The song was featured on an episode of the television series The Vampire Diaries in 2012.

Release
The band confirmed during their headline set at London's Somerset House on 15 July that "Oblivion" will be the next single from Bad Blood.

Music video
The music video was exclusively premiered on MSN Music UK on Monday 21 July. It was later published through Bastille's Vevo channel on YouTube the same day. The video was directed by Austin Peters (who previously directed the band's "Flaws" and "Laura Palmer" music videos) and stars actress Sophie Turner (known for her role in the television series Game of Thrones).

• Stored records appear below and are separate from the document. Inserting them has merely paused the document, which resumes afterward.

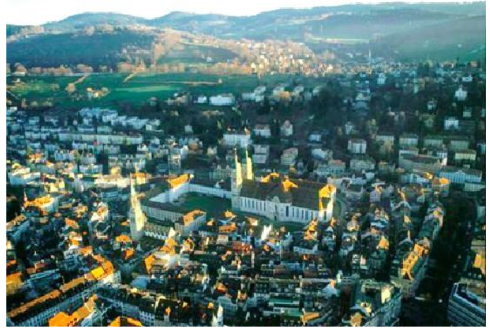
St. Gallen, Switzerland

Several countries are poised to receive teams from the U.S. in 2013, but for 2012, all of our IC projects will probably be Impact Missions , Europeans going to Europeans. Slated for this year are: a team from Ireland going to St. Gallen, Switzerland (on the 1,400 th anniversary of the town's founding by an Irish monk), a team from Italy going to Hungary for a "Roman Festival Week", and possibly a team hosted in Italy for a "Family Week" of evangelism.
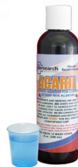
Acaril Laundry Additive For control of dustmite allergens
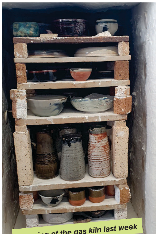
Opening of the gas kiln last week
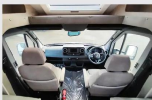
Pared-down cab, but Premium Pack adds nine-speed gearbox and more
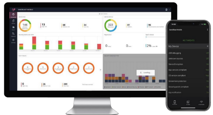
Harmony Mobile Management Console

Easy to manage: a cloud-based and intuitive management console provides the ability to oversee mobile risk posture and set granular policies. Harmony Mobile also expands your mobile application deployment security by giving administrators an application vetting service, allowing them to upload or link applications (both Android or iOS) into the Harmony Mobile Dashboard and receive a full app analysis report within a few minutes.
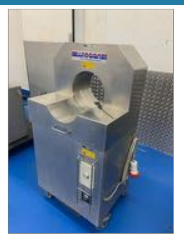
WIEGAND R30E STRINGING MACHINE
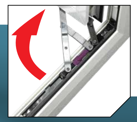
The Easy-Clean hinges enable the sash to be opened at 90 degrees
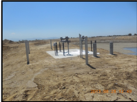
Construction of Junction Structure
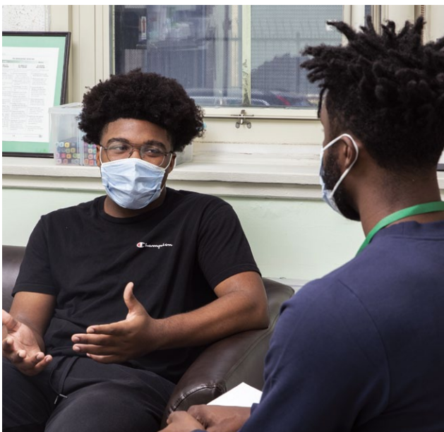
Access to adolescent-centric counseling in the Rush SBHC at Crane Medical Prep High School
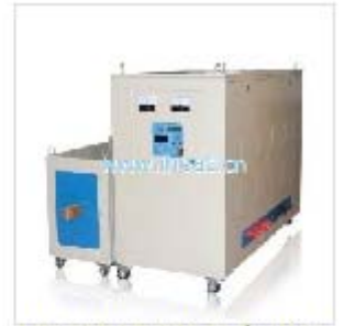
HX-250AB-MF Induction Heating Machine
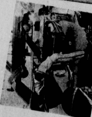
Value Sealed Used Car Reconditioning Department

She is seen lip-syncing to the lyrics of the song, singing in front of a crowd of people at a demolition derby.

Live performances
The song made its first appearance in September 2012, when it was first performed at iTunes Festival in London.

Bastille made a live recording of the song at Capitol Studios. Rolling Stone premiered the video on 21 November 2013. This live version was used as a B-side track to the single "Of the Night".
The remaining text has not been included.